PROVIDED RECORDS:

_____

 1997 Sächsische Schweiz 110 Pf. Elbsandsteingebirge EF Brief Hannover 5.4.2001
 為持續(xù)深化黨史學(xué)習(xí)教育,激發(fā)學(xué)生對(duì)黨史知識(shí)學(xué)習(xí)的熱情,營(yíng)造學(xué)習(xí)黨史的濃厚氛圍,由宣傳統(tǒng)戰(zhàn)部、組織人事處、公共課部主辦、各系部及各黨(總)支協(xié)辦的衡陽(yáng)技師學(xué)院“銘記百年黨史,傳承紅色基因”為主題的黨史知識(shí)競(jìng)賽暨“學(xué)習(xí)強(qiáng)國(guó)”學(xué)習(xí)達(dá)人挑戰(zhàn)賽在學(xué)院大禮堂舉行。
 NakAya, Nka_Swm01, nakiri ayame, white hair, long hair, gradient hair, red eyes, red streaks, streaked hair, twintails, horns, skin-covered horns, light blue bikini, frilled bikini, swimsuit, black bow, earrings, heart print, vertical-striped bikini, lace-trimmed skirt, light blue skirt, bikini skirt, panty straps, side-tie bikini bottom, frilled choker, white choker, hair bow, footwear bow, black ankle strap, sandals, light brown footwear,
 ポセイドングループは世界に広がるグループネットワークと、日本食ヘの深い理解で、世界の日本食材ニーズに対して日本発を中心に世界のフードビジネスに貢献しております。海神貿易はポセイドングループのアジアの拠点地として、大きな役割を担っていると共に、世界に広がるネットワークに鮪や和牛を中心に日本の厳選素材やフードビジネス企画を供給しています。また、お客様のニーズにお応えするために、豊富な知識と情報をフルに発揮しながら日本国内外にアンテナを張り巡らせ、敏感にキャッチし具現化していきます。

_____

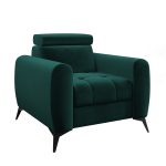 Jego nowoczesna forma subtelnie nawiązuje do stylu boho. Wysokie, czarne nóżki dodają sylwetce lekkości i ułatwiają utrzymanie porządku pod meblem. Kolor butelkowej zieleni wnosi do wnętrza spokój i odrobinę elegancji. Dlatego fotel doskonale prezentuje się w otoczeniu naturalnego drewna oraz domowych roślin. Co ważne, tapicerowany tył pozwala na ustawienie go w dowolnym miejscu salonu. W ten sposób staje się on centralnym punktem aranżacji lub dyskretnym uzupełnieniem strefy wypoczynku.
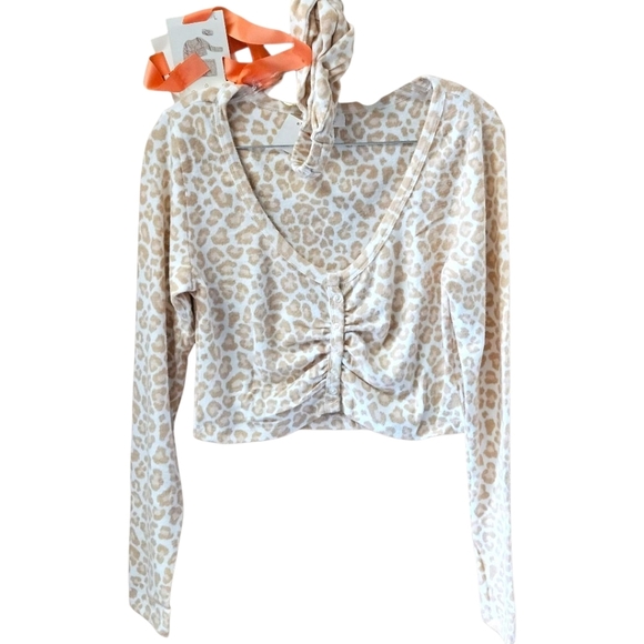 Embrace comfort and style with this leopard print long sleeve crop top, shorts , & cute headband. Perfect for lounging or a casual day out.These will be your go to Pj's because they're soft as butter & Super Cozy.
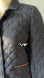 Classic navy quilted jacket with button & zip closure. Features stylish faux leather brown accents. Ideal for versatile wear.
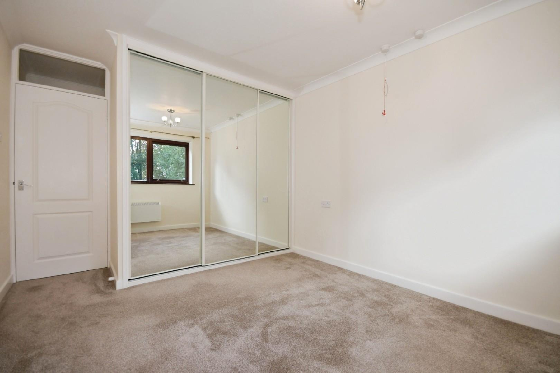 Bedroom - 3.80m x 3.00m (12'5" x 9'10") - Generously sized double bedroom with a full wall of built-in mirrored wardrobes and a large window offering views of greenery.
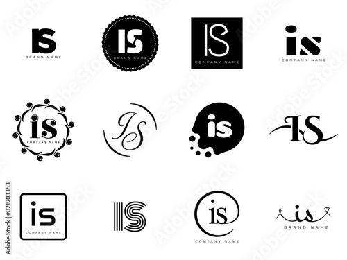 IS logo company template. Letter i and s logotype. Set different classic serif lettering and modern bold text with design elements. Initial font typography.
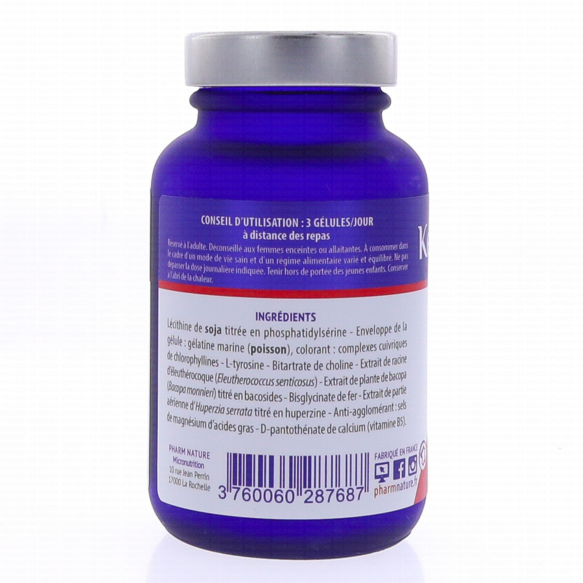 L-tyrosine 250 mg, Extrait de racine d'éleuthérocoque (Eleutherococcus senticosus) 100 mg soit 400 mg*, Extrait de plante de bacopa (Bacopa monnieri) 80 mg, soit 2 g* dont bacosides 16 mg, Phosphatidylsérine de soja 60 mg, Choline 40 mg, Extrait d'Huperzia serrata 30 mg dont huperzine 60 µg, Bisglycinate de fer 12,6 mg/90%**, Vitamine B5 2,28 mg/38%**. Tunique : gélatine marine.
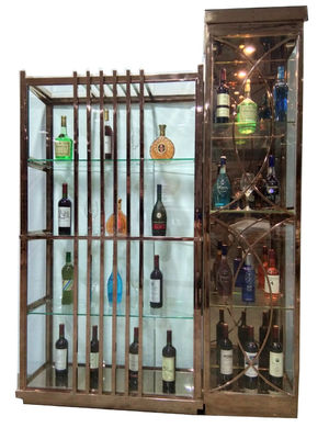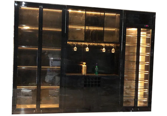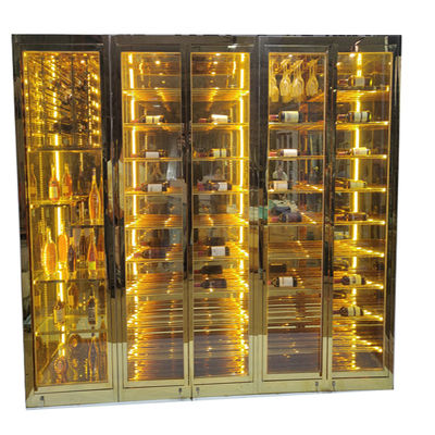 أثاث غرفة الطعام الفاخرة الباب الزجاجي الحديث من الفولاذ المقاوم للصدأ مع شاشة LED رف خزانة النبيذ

_____

Give again, exactly as written above, every line from the one holding "Embrace comfort and" to the one holding "Classic navy quilted", with both ends kept and the pictures left out.

ANSWER BELOW:
 Embrace comfort and style with this leopard print long sleeve crop top, shorts , & cute headband. Perfect for lounging or a casual day out.These will be your go to Pj's because they're soft as butter & Super Cozy.
 Classic navy quilted jacket with button & zip closure. Features stylish faux leather brown accents. Ideal for versatile wear.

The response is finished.